As the controversy over Obama’s April 2009 statements on “American exceptionalism” demonstrated—he first said that the British and the Greeks no doubt believed in their own “exceptionalism,” too, but then described what made America special—conservatives are also more instinctively comfortable with declarations of the United States as a chosen nation than liberals are.
Given the default on the progressive side in embracing the American story, it’s not surprising that conservatives have usually held the upper hand in claiming that theirs is the creed more in tune with the “original” understandings of the nation’s Founders—and never mind that, as the legal scholar Garrett Epps has noted, originalism as a matter of law often seems to involve a conservative Supreme Court justice declaring: “Trust me, I knew the Framers, and here’s what they would have said.”

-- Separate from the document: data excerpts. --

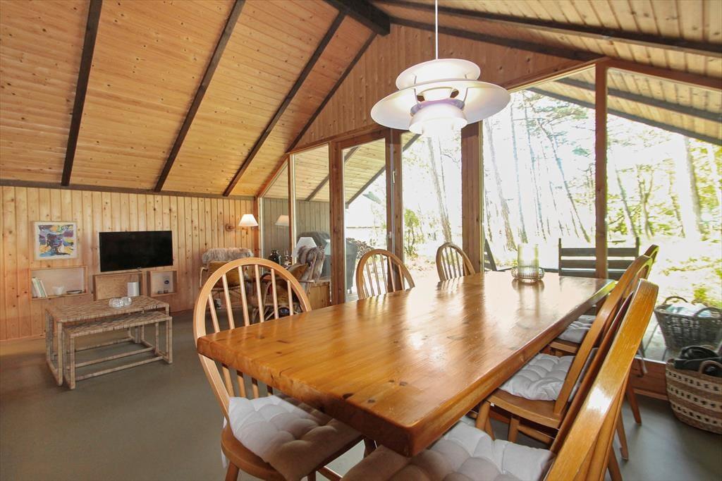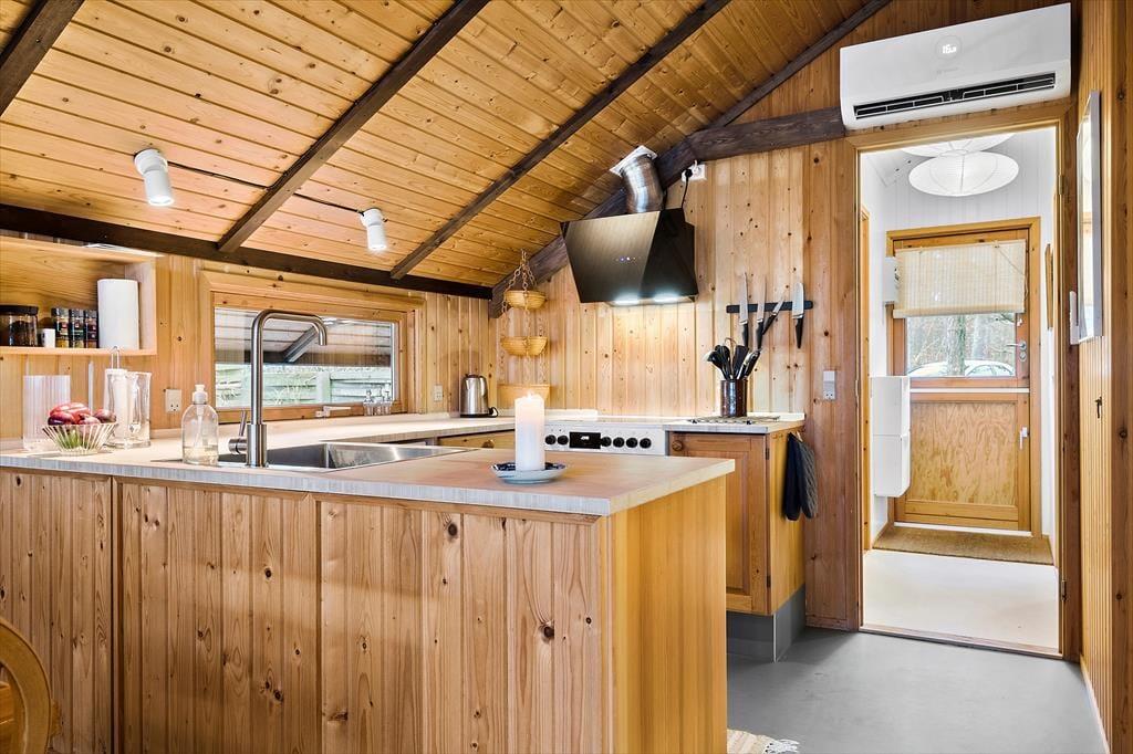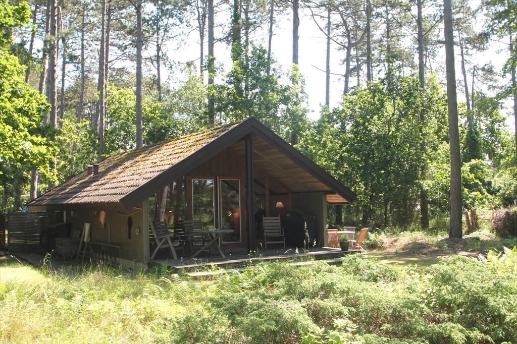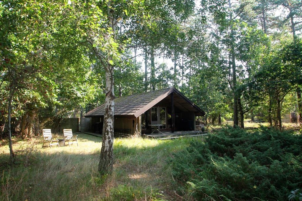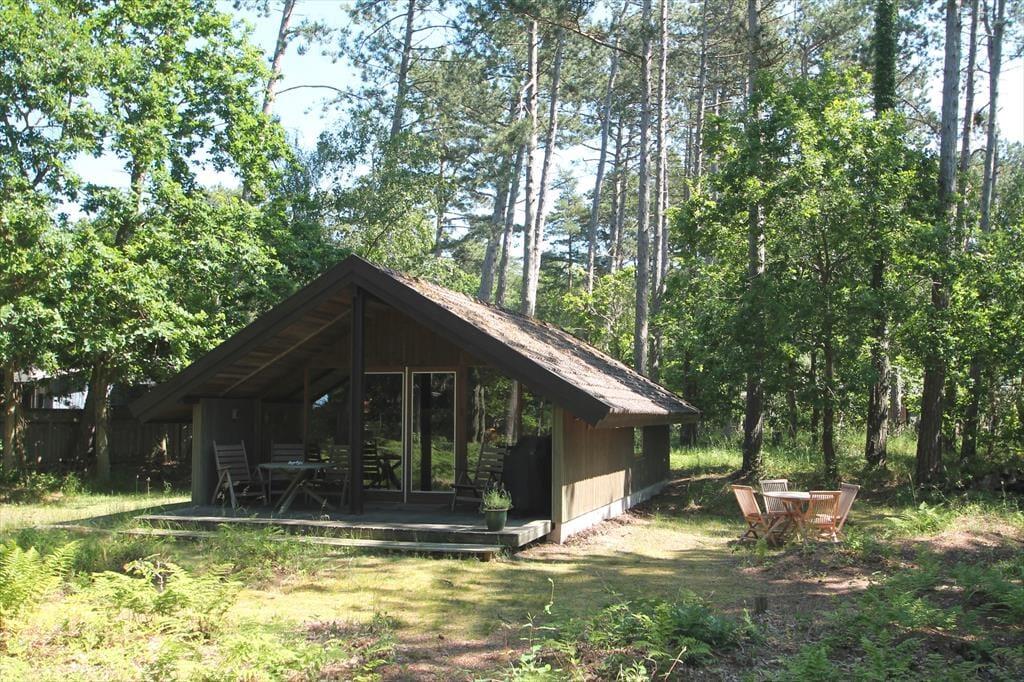 Skovhuset er en lille skjult perle, der er omgivet af vild natur og havet i baghaven. Kvadratmeterne er godt udnyttet i huset og køkken alrummet inviterer til hygge og leg. De store vinduer giver det fineste lys og bringer naturen helt tæt på. Sommerhuset indeholder kombineret køkken og opholdsstue. Huset er delvist moderniseret i 2024. Køkken med induktionskomfur, køleskab med lille frostboks, kaffemaskine og elkedel. Opholdsstue med udgang til delvis overdækket terrasse, hyggelig spiseplads, sofa, lænestole, Smart-TV med DRTV, og adgang til streamingtjenester (kræver eget login). Badeværelse med bruseniche. To soveværelser, et med dobbeltseng og et med en køjeseng (70x190 cm). Huset opvarmes med varmepumpe og elvarme.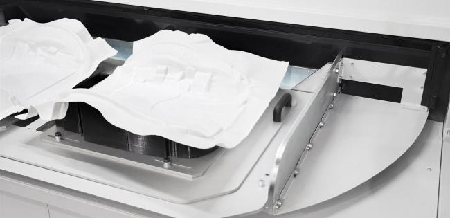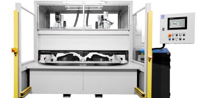 Urządzenie służy do precyzyjnego wycinania otworów w poliestrowych fleezach (elementach usztywniających piankę w fotelach samochodowych). Maszyna stanowi alternatywę dla tradycyjnych pras, co znacząco zwiększa elastyczność produkcji.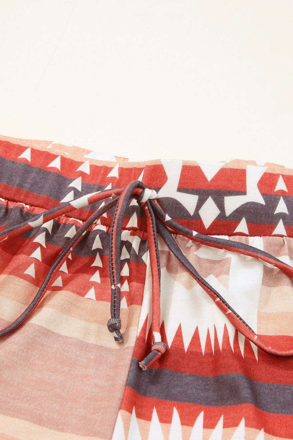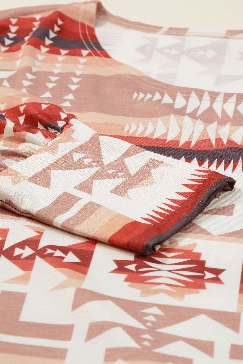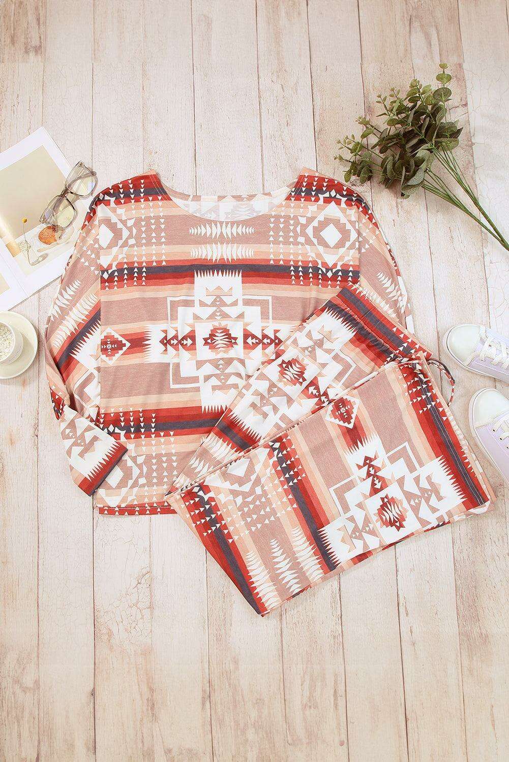 Vibrant Aztec-Patterned Lounge Set with Stylish Puff Sleeves & Customizable Drawstring

But originalism, in law as in politics, seems designed less to seek inspiration from what the adventurous and enlightened spirit of the Founders might mean for our time than to try to roll back the norms of the twenty-first century and replace them with those of the late eighteenth.
A proper understanding of the founding, as Gordon Wood, the premier historian of the Revolutionary period, has argued, would not treat the Constitution as “fundamental scripture” and would not see those who wrote it as carrying tablets from the Almighty: “Historians today can recognize the extraordinary character of the Founding Fathers while also knowing that those eighteenth-century political leaders were not outside history. They were as enmeshed in historical circumstances as we are, they had no special divine insight into politics, and their thinking was certainly not free of passion, ignorance, and foolishness.”
But if the Founders were not perfect, they were bold and visionary, prepared to think and act anew at a time when much of the world was skeptical about the possibility of republican government and self-rule. Our task is to follow their example, not to engage in an inevitably futile effort to parse every word they wrote and spoke to discover how we should act now. The Founders hugely valued individual freedom, but they were steeped in principles that saw the preservation of freedom as a common enterprise.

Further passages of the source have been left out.